Alice believes she is one of the last surviving Peasenhall Land Girls – at 18 she was one of the youngest there. And despite her youth, urban roots and small frame, she was a good worker.
“It was a very lonely life, especially for me, coming from the town,” she says. “You couldn’t see another house. Some of the only people we saw were Italian prisoners of war working in the fields next to us.”
Alice and Jean shared a room with two other girls in the former servants’ quarter and before long Alice struck up a friendship with a girl called Betty, who came from Lowestoft. Betty, however, soon left to get married before emigrating to Australia, though she and Alice are still in touch.
The 10-hour working day started early. Despite being issued with extra gloves, Alice’s hands would ache with pain in winter. “I remember my first day’s work, which started at 7am,” she says. “We all climbed into a covered truck, with packed lunches, and when we arrived in a very large field we were shown how to hoe sugar beet.
“There wasn’t a house or farm in sight and I felt I was in another world. I got stuck into the work and when the forewoman blew her whistle we sat down to eat. Thinking it was lunch I began tucking in, when Jean said, ‘You’d better save some for your dinner – it’s only 10 o’clock’. It seemed like the longest day of my life.”
But she adjusted and soon jobs such as muck spreading, pea picking and harvesting became second nature, though she never got used to farm hands chasing and killing rabbits that bolted from the cover of the wheat and barley fields at harvest time.
“One job I was never asked to do was rat catching. I was terrified of rats, but some of the girls had to do it.”
The days may have been long and the work hard but the girls were well fed at the hostel. They got £1 12 shillings a week, from which payment for their board and lodgings was deducted, leaving them with little to show for their labours.
Eventually, the work took its toll and Alice developed a bad back, which made it impossible to continue.
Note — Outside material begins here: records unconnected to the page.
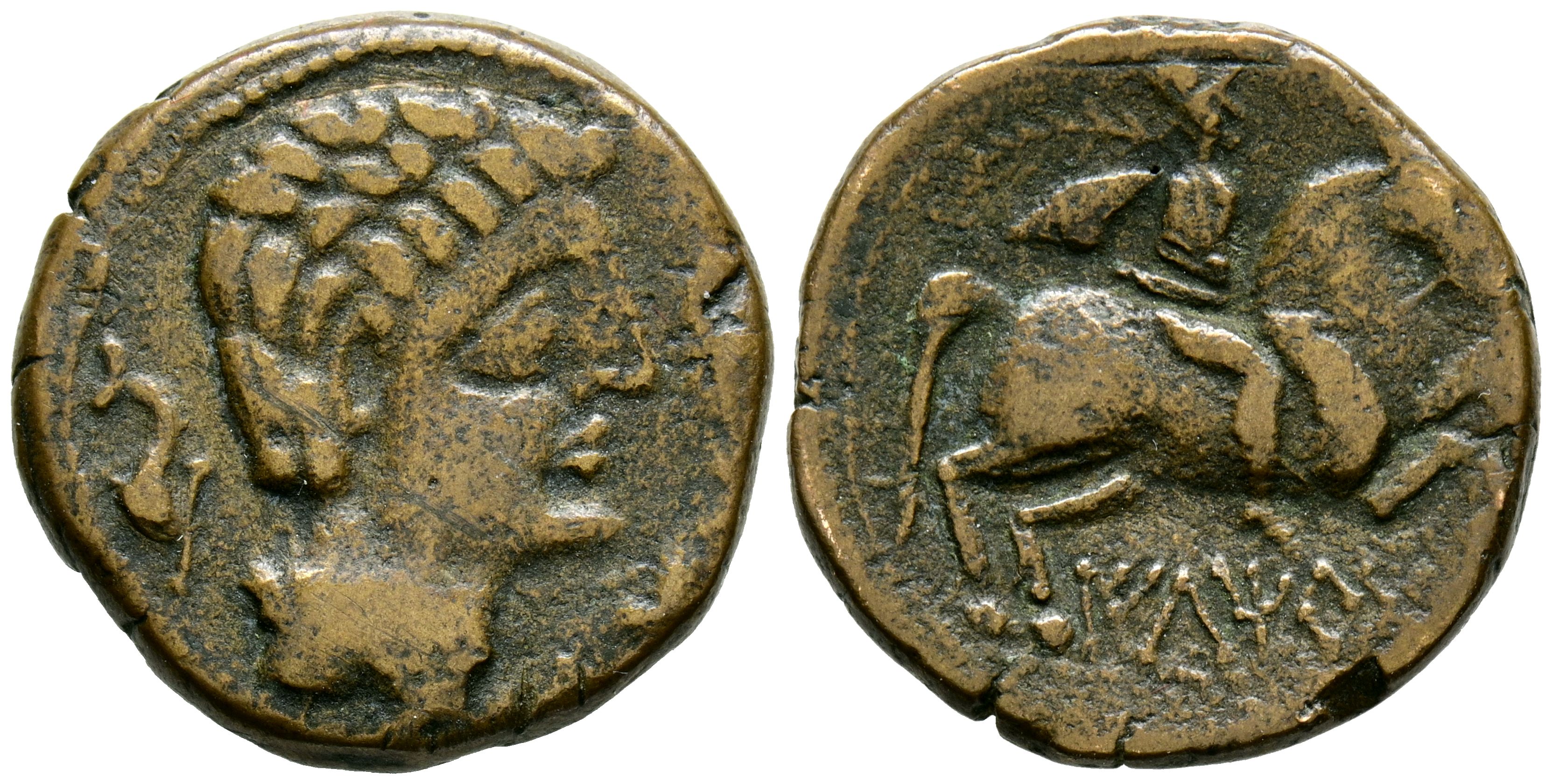 ILTIRTA (Lérida). As. (Ae. 8.48g/23mm). 200-20 Fine (FAB-1471). Anv: Male head right, around three dolphins. Reverse: Horseman with palm to the right, below Iberian legend: ILTiRTa. VF-.
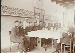 Fotografia w tonacji brązowej przedstawiająca obiad oficerski w kasynie w Chełmie Lubelskim. |
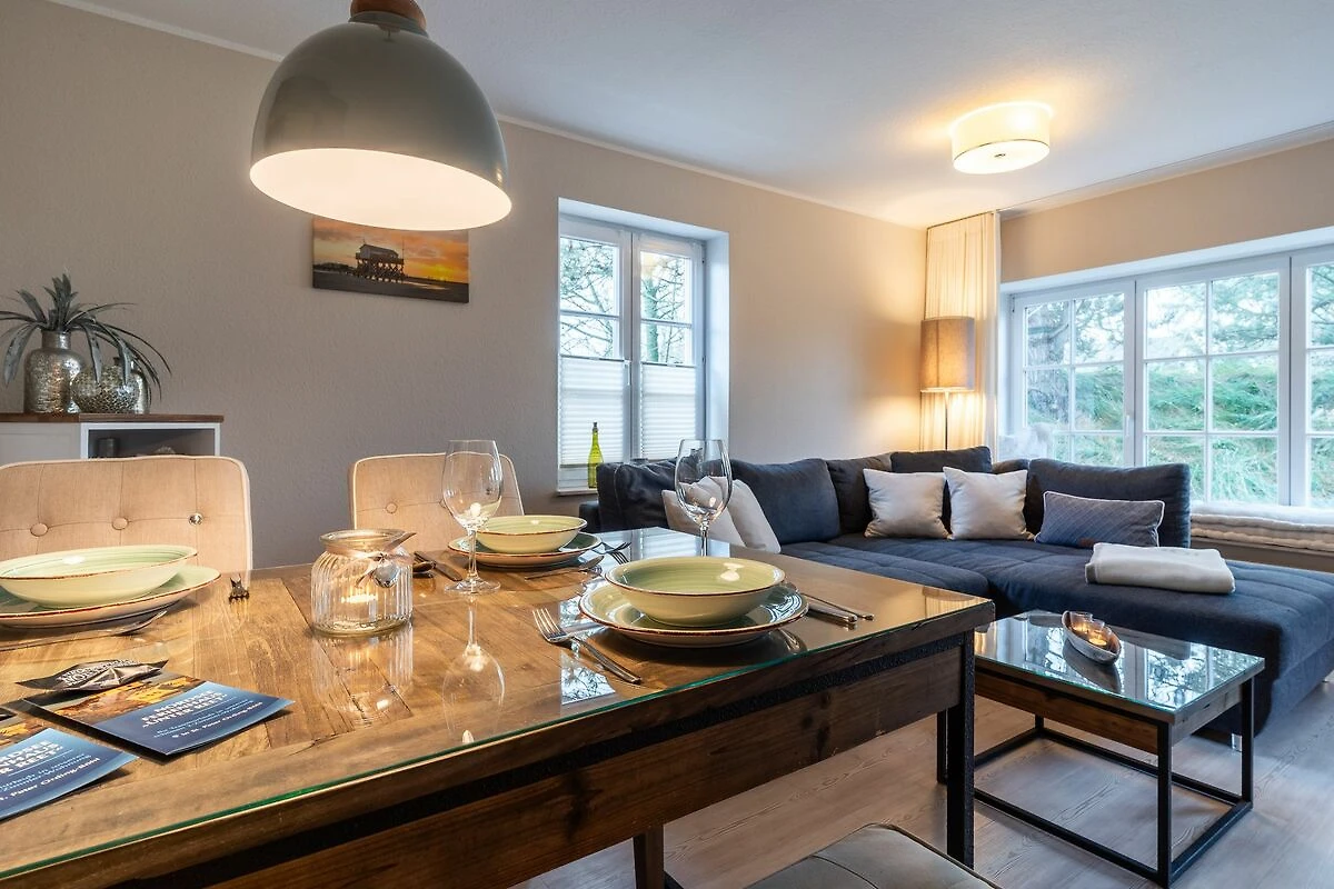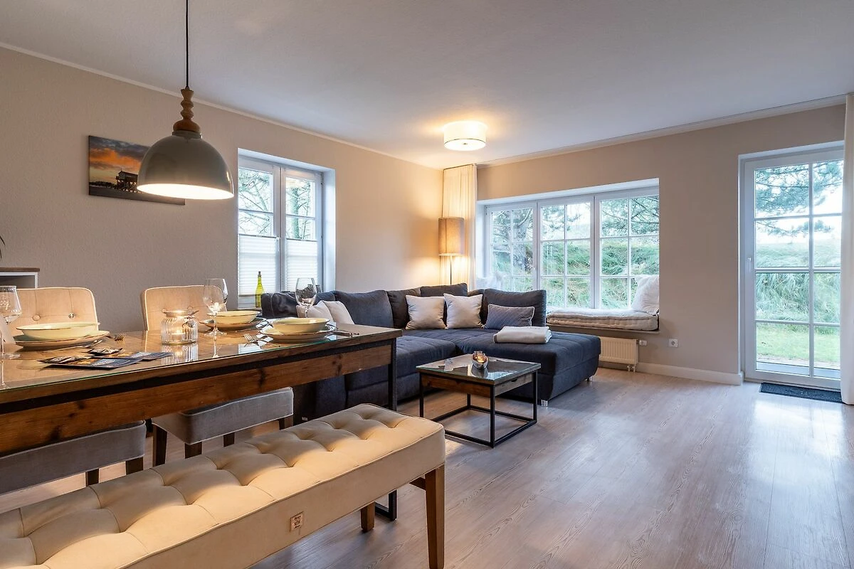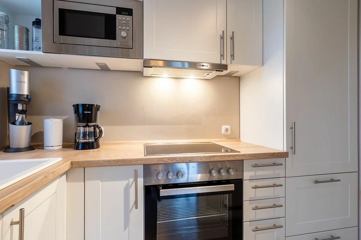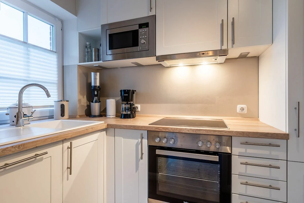 Die Ferienwohnung besticht durch helle, maritime Materialien und einen offenen Wohn- und Essbereich, der direkt auf die sonnige Südterrasse führt. Hier erwartet Sie ein Strandkorb und ein kleiner Gartenanteil – perfekt, um die frische Nordseeluft zu genießen. Die angrenzende, moderne Küche ist komplett ausgestattet, unter anderem mit einem 4-Platten-Cerankochfeld, Backofen, Mikrowelle und Geschirrspüler, sodass Sie auch kulinarisch verwöhnt werden.
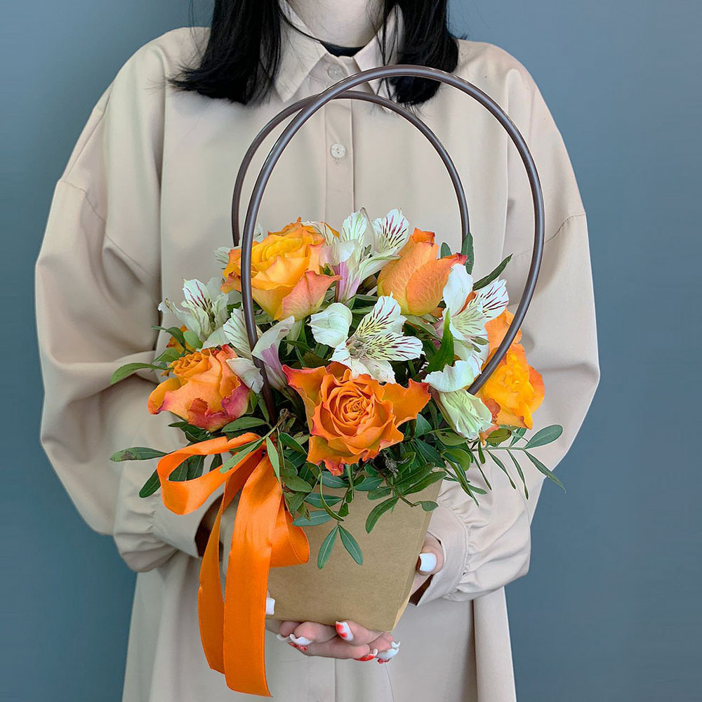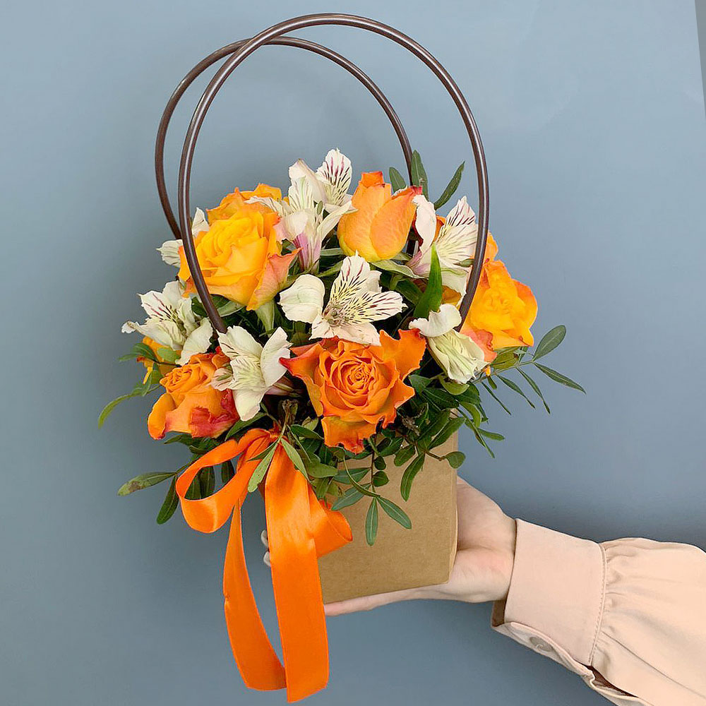Сумочка с оранжевыми розами Кения и альстромерией арт. 66996-Р
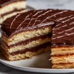 This No-Bake Chocolate Biscuit Cake is a decadent, easy-to-make dessert combining crunchy biscuits with rich melted chocolate, buttery sweetness, and optional nuts and dried fruits for added texture. Perfect for a quick indulgent treat without needing an oven, it sets in the fridge and is ideal for chocolate lovers seeking a no-fuss cake.
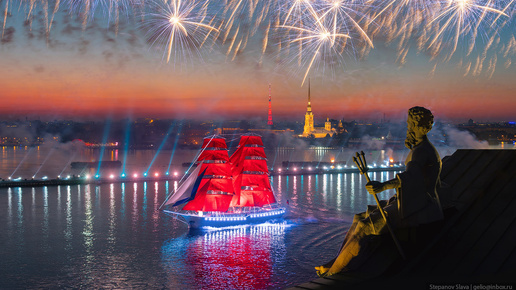 В Санкт-Петербурге ежегодно проводится грандиозный праздник выпускников — одно из самых зрелищных событий в России. Праздник проводится в субботу, ближайшую к пику белых ночей, обычно с 18 по 27 июня (кроме 22 июня). Главный атрибут праздника — парусник с алыми парусами, который проходит по Неве под многочисленные салюты и музыку. Символ взяли из книги Александра Грина «Алые паруса». Парусник олицетворяет надежду, веру в будущее, любовь и волшебство. Впервые праздник выпускников состоялся в Ленинграде...
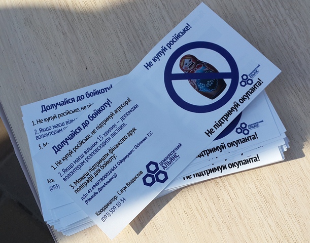 Цією акцією «демальянсівці» хотіли донести до черкащан, що, купуючи товари російських виробників, вкладаючи гроші в російські банки, заправляючи свої автомобілі на російських заправних станціях, вони, по суті, підтримують країну-окупанта.
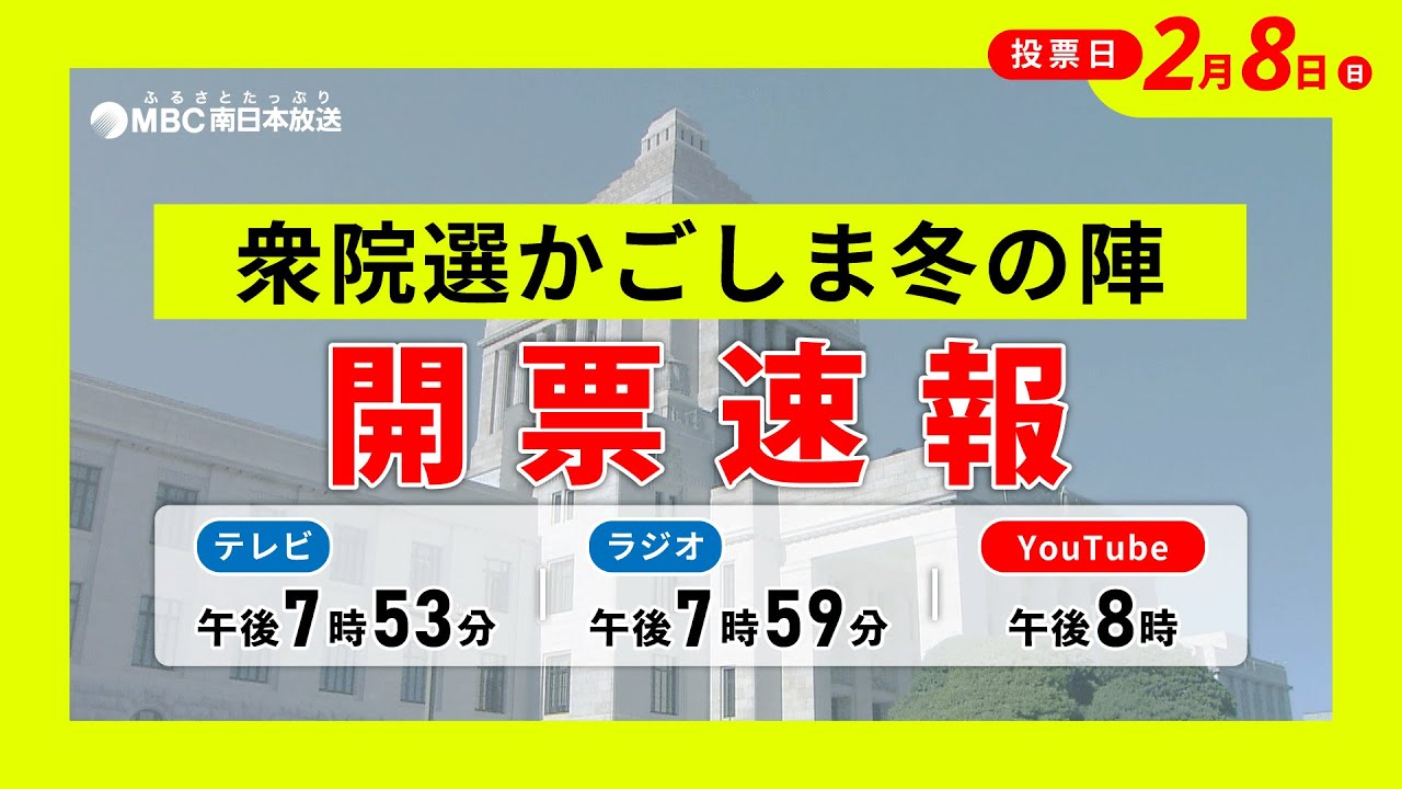 MBC衆議院議員総選挙開票速報ライブカメラは、鹿児島県鹿児島市高麗町の南日本放送に設置された衆議院議員総選挙開票速報が見えるライブカメラです。更新はリアルタイムで、YouTubeによる動画(生中継)のライブ配信映像です。南日本放送による配信。
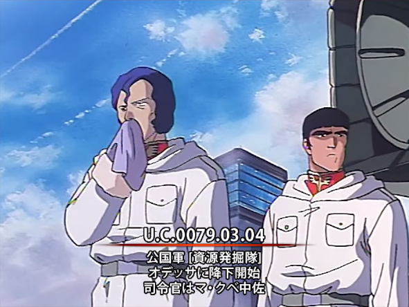 U.C. 0079년 03월 01일, 드디어 지온 공국의 '제1차 지구침공작전'이 시작됩니다. 연방군의 바이코눌 우주기지에 '키시리아 자비'가 이끄는 우주기지 제압부대가 강하합니다. 중동 및 유럽 방면에 전선을 구축해 진군합니다. 다음 날인 03월 02일 정오, 지구강하부대 제 1진에 의해 지구의 거대 거점 중 하나였던 '오데사'와 그 주변 공업지대가 제압됩니다. 그리고 03월 04일에는 '키시리아 자비'의 심복인 '마 쿠베'를 중심으로 한 지온 공국군 자원채굴부대가 오데사에 진입합니다.
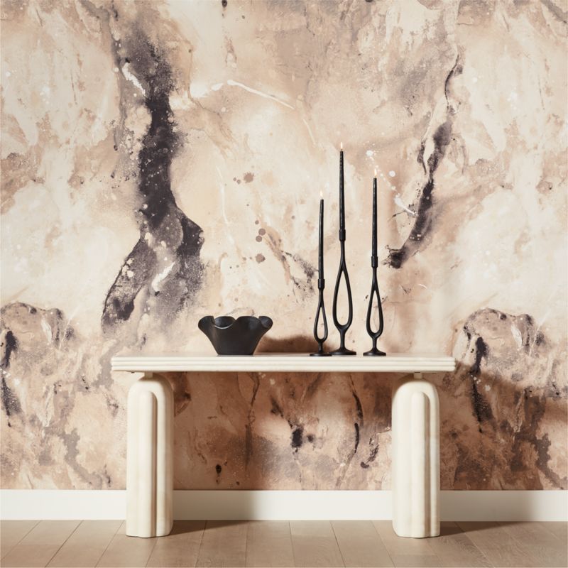 The dramatic sandstone landscapes of Arizona and Utah's Paria Canyon become a large-scale, abstract covering for the wall. Made of parchment certified sustainable by the Forest Stewardship Council® (FSC), wallpaper has excellent lightfastness and dark tonal swaths nestled within rich, nuanced neutral tones. Paste-the-wall application makes installation easy.
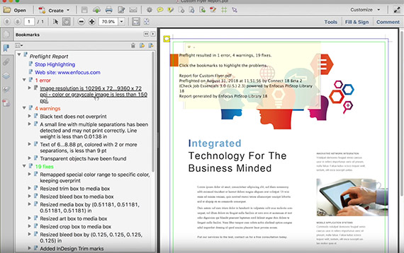 Enfocus Connect ALL is een applicatie voor kwaliteitscontrole en de correctie van PDF bestanden. U kunt alle instellingen vooraf instellen en deze aanleveren aan uw klanten. U versnelt het bestandsproductieproces door de automatisering van taken, creëren van consistentie en foutvermindering bij klanten. Connect ALL is bestemd voor bedrijven die connectors willen distribueren aan interne of externe gebruikers. Connect ALL omvat alle functies voor de branding van connectors, taaktickets, PDF-creatie, PDF-preflight, bestandslevering en het extern updaten van connectors.
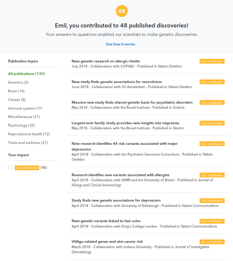 Pretty cool. On 23andme, can see all research cohorts one is part of. Apparently, my data is part of 48 publishes studies so far. 23andme should look into a GWAS for contributing to science in this way, a measure of science participation/citizenship. #citizenscience #genomicspic.twitter.com/TxAuhJAfOF

She was also tiring of Land Army life and, after being spooked by other girls, who told ghost stories and tales of the murder of servant girl Rose Harsent in the village in 1902, Alice resolved to leave.
Her last job was clearing long grass and thistles from Parham Airfield, ready for the arrival of a contingent of Polish airmen.
“The girls were talking as they worked and were hopeful they would meet a few of the men in the pub or dance hall,” says Alice. “I remember thinking, ‘I’ll soon be out of the Land Army so I certainly won’t be meeting any Poles’.” Little did she know, however, that she would marry one of those Polish airmen just five years later. Alice met Henryk Piotrowski not at Parham, the pub or a dance hall but after she returned to Ipswich.
By then Henryk, a tailor by trade, was working at clothes maker Glazebrook’s – with Alice, who had returned to live at Hadleigh Road with her parents.
“There was a works outing to Yarmouth and people were asking Henryk if he was going,” recalls Alice. “He said he would go if I went. I learnt later that Henryk went to Parham Airfield to collect his discharge papers from the Royal Air Force, so not only was I to eventually meet one of those Poles from Parham but I was to go on marry one of them.” The couple had eight children and were married 63 years, until Henryk’s death in 2013.
Alice received a medal in 2009 and looks back on her time at Peasenhall with affection. “The recruiting officer was not too pleased when I left and tried very hard to persuade me to stay, as our forewoman had sent a letter saying I was a hard worker and willing to do any work that came along,” she says.
“But I’m pleased I was never asked to do rat catching.”